The results are summarized below:

The results are fascinating, and there are some clear trends. Budget carriers such as Ryanair and AirAsia are at the low end of the scale; short haul, turboprop operating carriers such as Regional Express and Darwin Airlines are at the high end.

There are, however, many factors which can influence per mile costs including type of aircraft flown, routes flown, local salary and fuel costs, ancillary revenue, and airport landing fees.

The results should also be taken with a grain of salt, since our sampling set is small, no statistical analysis has been performed, and the results may be biased depending upon the types of searches performed on Rome2rio.

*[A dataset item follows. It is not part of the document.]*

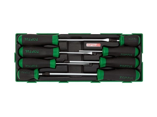 Ложемент TOPTUL набор отверток 8 пр. GTA0823 - изготовлен из высококачественных инструментальных материалов, что обеспечит надежность и долговечность инструмента в ходе эксплуатации.

Also, Rome2rio may not always have access to the cheapest fares. A major, comprehensive meta-search player such as Kayak or Skyscanner could perform a more thorough analysis based on a far greater sample of search logs or their airfare caches. Nonetheless we wanted to share this data since we thought the results would be of interest to the travel industry, travel buffs, or anyone excited about big data.

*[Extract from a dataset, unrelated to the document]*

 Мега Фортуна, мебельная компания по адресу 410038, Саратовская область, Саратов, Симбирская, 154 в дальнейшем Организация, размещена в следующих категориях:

NB: This is a guest article by Michael Cameron, co-founder of Rome2rio

NB2: Globe image via Shutterstock

NB3: Special thanks to Fenn Bailey from Adioso and Timothy O’Neil-Dunne for providing valuable feedback on the analysis.

Share on FacebookTweet about this on TwitterShare on LinkedInEmail to someone
 
 
Viewpoints

About the Writer :: Viewpoints

A founding principle of tnooz was a diversity of viewpoints from across the spectrum. Viewpoints are articles by guest contributors from around the travel and hospitality industries. The views expressed are the views and opinions of the author and do not reflect or represent the views of his employer, tnooz, its writers, or partners.

 

Comments

Your email address will not be published. Required fields are marked *

  1. Martino @ WhichBudget

    @Kevin – Unjustifiably snarky, yes. But more of a cynic really. I’ll explain why…

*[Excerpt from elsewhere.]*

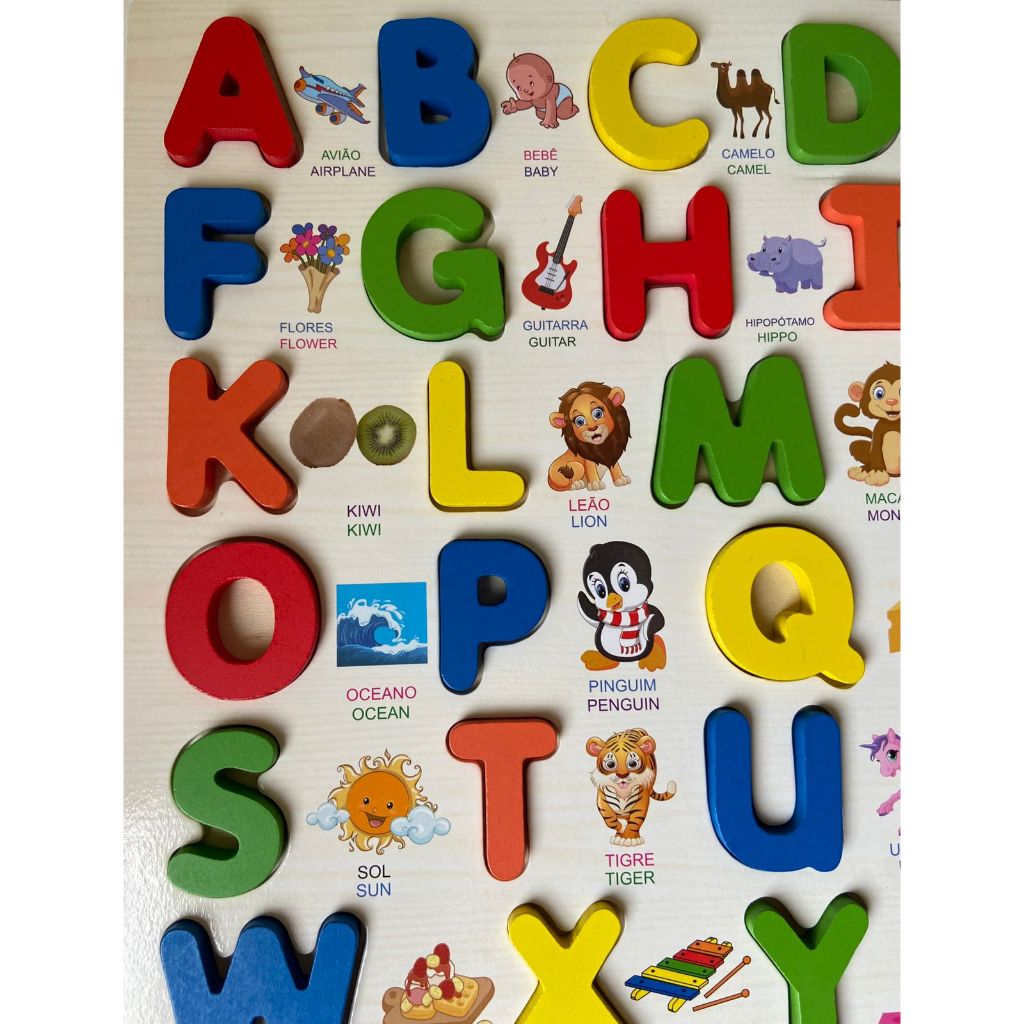 INFORMAÇÕES IMPORTANTES - As fotos são reais - Os produtos são novos e enviado lacrado - Temos pronta entrega, despachamos em até 24 horas da confirmação de pagamento - Em caso de dúvidas, estamos à disposição no chat Transforme o aprendizado em diversão! Este brinquedo de madeira traz todas as letras do alfabeto acompanhadas de imagens ilustrativas e palavras em português e inglês, ajudando as crianças a desenvolverem: 🌟 Reconhecimento das letras 🌟 Associação de imagens e palavras 🌟 Aprendizado bilíngue desde cedo 🌟 Coordenação motora e memória visual Peso e medidas: L x C: 30 x 30 cm P: 330 gramas

    As I expected, the follow up comments did, indeed, clarify the potential use of such analysis. However, I have to agree with Timothy on this one: “If you are a shopper – caveat emptor. If you are an intermediary this is something you can use.” The nature of airfare search – with bundling/unbundling, yield management, loyalty programs, different pricing depending on location, etc. – is extremely complex and the airlines are deliberately keeping it that way. I have not yet seen a piece of software which is capable of interpreting this huge amount of data in the context of a complex search. Of course, it is possible and someone will crack it one day (thumbs up to Michael for taking the leap towards it), but I think at the moment it takes someone like Stuart to use the figures provided by big data crunching and use sense and experience to interpret it.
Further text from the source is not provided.